I have a 5 acre field and a 12 acre field that are both surrounded by forestland. Each autumn, the trees dump their leaves into the fields. You'd think they would decompose or just blow away over the winter but it doesn't happen. Every spring, the perimeter of each field (about 100 feet in) is covered with leaves.

Two things I can think of:

1) Set the wheel rake up to work in one direction & rake them back into the woods - then hope they stay there.

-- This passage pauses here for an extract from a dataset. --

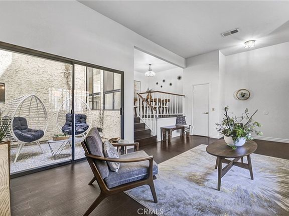 A very comfortable townhouse style condo over 1,700 sq ft facing north with view to the mountains comes with a large living room, atrium, a step up formal dining room, very spacious family room with open kitchen and breakfast nook plus a powder room for guests. Tons of natural lights. The top floor has 2 bedrooms sharing a full bath, a primary bedroom comes with its own full bath, double sinks, sitting area, walk-in closet and a balcony to look out. Freshly painted interior, rich dark laminated wood floor, attached 2 car garage with laundry hookups. Low HOA $215/m, blue ribbon elementary school and Mark Keppel High school.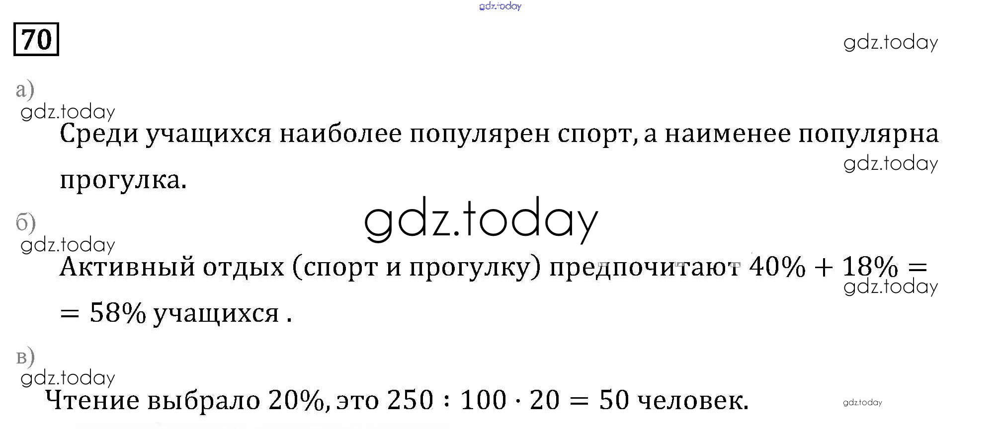 На страницах сайта gdz.today вы найдете учебный и вспомогательный материал, направленный на улучшения знаний школьной программы. ГДЗ - онлайн мир знаний Решение к упражнениям 70 Учебнику по Математике для 6 класса Бунимович, Кузнецова Просвещение Сферы 2019

2) Rake them into windrows & then burn.

Surely, I'm not the only one with this problem. What's everyone else do?

Gary


----------



## JD3430 (Jan 1, 2012)

I have same problem. Never taken either of the measures you were thinking to resolve. 
I just kind of "leave" them and deal with it. Lol
After cutting tedding, raking and baling, I barely see any leaves.
If you were to do either measure, I'd burn them. Rake to the edge and they'll be blown right back into your field. You know how that works.....
It has been extremely windy in SE PA lately.


----------



## mlappin (Jun 25, 2009)

Ignore em and make hay.

Best bet might be to find an old silage blower, then make a three point hitch for it, mount it behind the tractor then loosen the bolts for the outer band and rotate the discharge downward and voila, leaf blower from hell.


----------